Возвращаясь домой после таких прогулок, он никогда не упускал случая рассказать баронессе о разнообразных впечатлениях и переживаниях, вызванных соприкосновением с природой. Весной он приносил ей первые подснежники и фиалки, желтые крокусы, что растут на опушке леса, а осенью — целыми охапками ветки с плодами шиповника, и они пламенели в вазах, как закат. «Только не утомляйтесь», — обыкновенно говорила баронесса, окидывая удовлетворенным взглядом его разжиревшую фигуру, заплывшее жиром, полное лицо, румянец на скулах, свойственный склонным к тучности блондинам зрелых лет и часто связанный, как и у него, с облысением, и ее благоговение происходило от любви, которая всегда обращает недостатки другого в достоинства, особенно после долгой совместной жизни. «Да-да, — любила она говорить, — не нужно утомляться. Вы приближаетесь к тому возрасту, когда надо щадить себя». Ему было немногим больше сорока, к тому же он обладал завидным здоровьем, но, тронутый материнской заботой, начинал верить, что действительно должен беречь себя, и, хотя предписание Церлины «движение на свежем воздухе возбуждает аппетит», противоречащее баронессиному, казалось ему справедливым, он стал сокращать продолжительность своих прогулок, не теряя, правда, аппетита; наоборот, он нередко пробирался в кладовку, чтобы с истинно воровским удовольствием стянуть там что-нибудь.

Обыкновенно он сидел в своей комнате, а лес глядел в окна.

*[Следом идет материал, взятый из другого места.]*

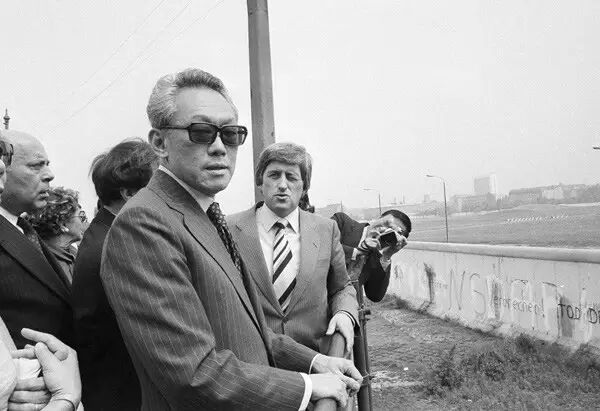 1979年6月13日,正在西德访问的李光耀站在柏林墙边眺望东德。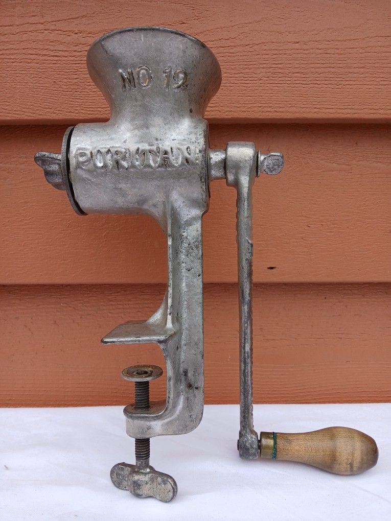 Original No. 12 Model hand crank meat grinder this is typically the size of the grinder head and plates. Features a clamp to attach it to a table or counter. Indicated on grinder : Puritan, on the handel says The Gris World MFG. CO. ERIC. PA. USA. On inside of handle is the number 2470. Wood Handle Grip.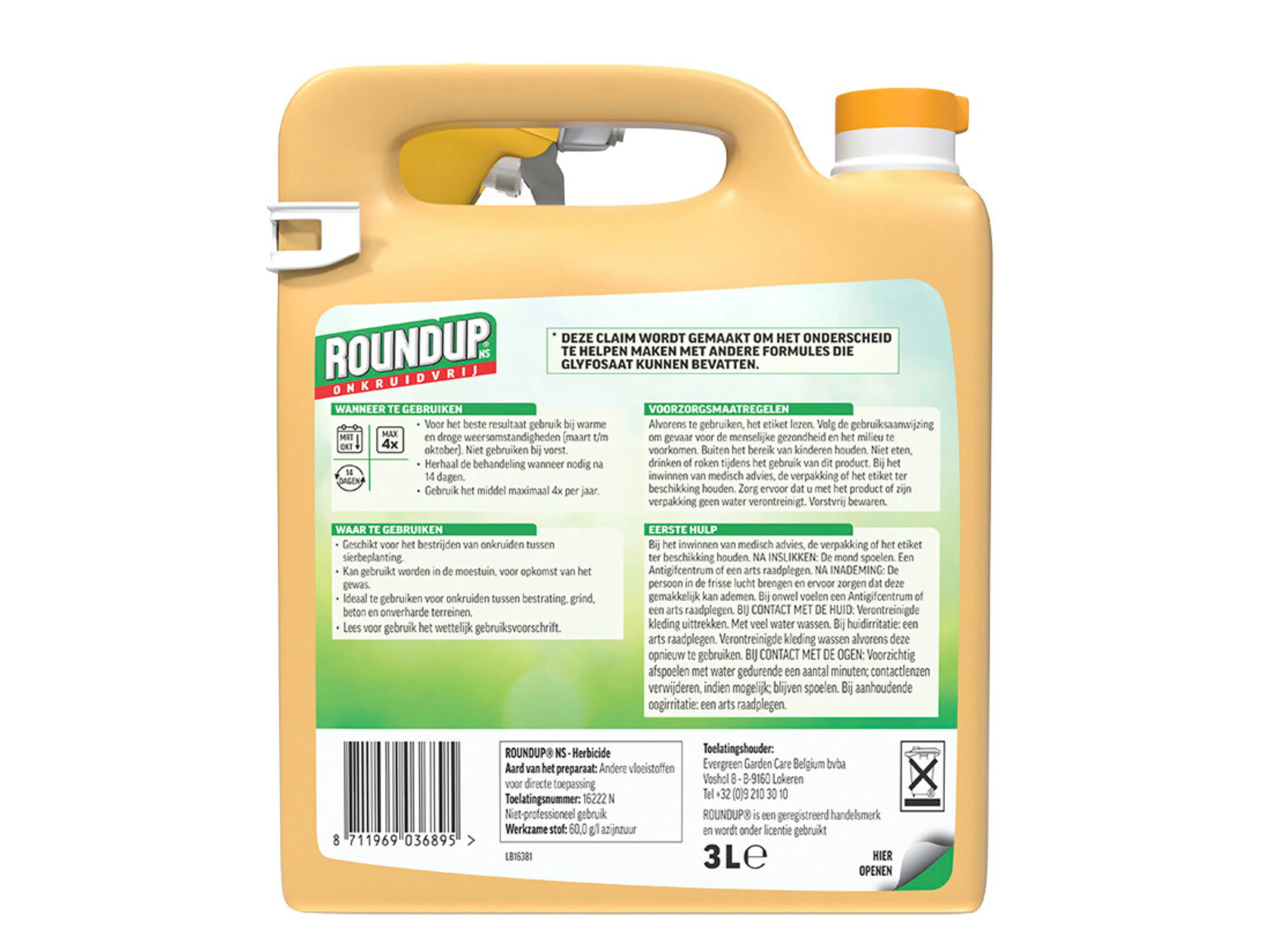 Roundup® NS Natuurlijk Onkruidvrij is een snelwerkende onkruidverdelger van natuurlijke oorsprong. Doordat het snel inactief is in de bodem, is zaaien en planten al mogelijk 1 dag na toepassing. Het product is gebruiksklaar en hoeft niet vooraf aangemengd te worden.

Довольно часто прерывая свои занятия, чтобы отдохнуть на диване, он предавался здесь своим финансовым заботам, но свободное время, которого оставалось все же еще очень много, проводил за чтением, и, поскольку читал быстро и многим интересовался — почти каждую неделю приходила посылка с книгами от книготорговца в городе, — книг становилось все больше, так что комната скоро приобрела вид настоящей библиотеки. Иногда, правда, он вообще ничего не делал, и хотя это были моменты некоей отрешенности, они ни от чего его не отрешали, а погружали в ничто и потому были полны для него греховно-мрачного и все же почти возвышенного восторга. Особенно часто такие моменты бывали зимой. Следуя рекомендациям Церлины насчет свежего воздуха, влияющего на аппетит, он привык хотя бы одно из двух окон в комнате держать открытым даже зимой, но при этом вынужден был сильно натапливать печь и в то же время кутаться по-зимнему; он сидел за письменным столом в старомодном домашнем колпаке, который прикрывал и защищал от простуды его лысеющую голову, в вязаных (связанных ему баронессой) напульсниках, в войлочных тапочках, и если он при этом впадал, всегда неожиданно и без видимых внешних причин, в ужасное состояние парализованности и погруженности в ничто, то даже порывы ветра, которые бросали ему в лицо стаи снежных хлопьев, не могли заставить его закрыть окно, наоборот, ему казалось, что он должен, не двигаясь с места, дождаться лета, настоящего летнего тепла, а тогда уж можно будет сидеть в одной рубашке и мечтать о зиме. Снежный ли воздух, дыхание ли жары, северный ли ветер, южный ли — для него, отрешенного, это был всегда один и тот же поток, вливающийся в комнату и омывающий его, приносящий дыхание леса, которое наполняло его и уносило в область предчувствий, потому что дыхание леса было дыханием чего-то глубинного, дыханием черной земли, переплетенной кореньями, и в то же время оно было легким и прозрачным, было предчувствием той самой дальней и почти невесомой действительности, которая и есть гармония. Иногда это было похоже на пение, далекое пение невесомого бытия.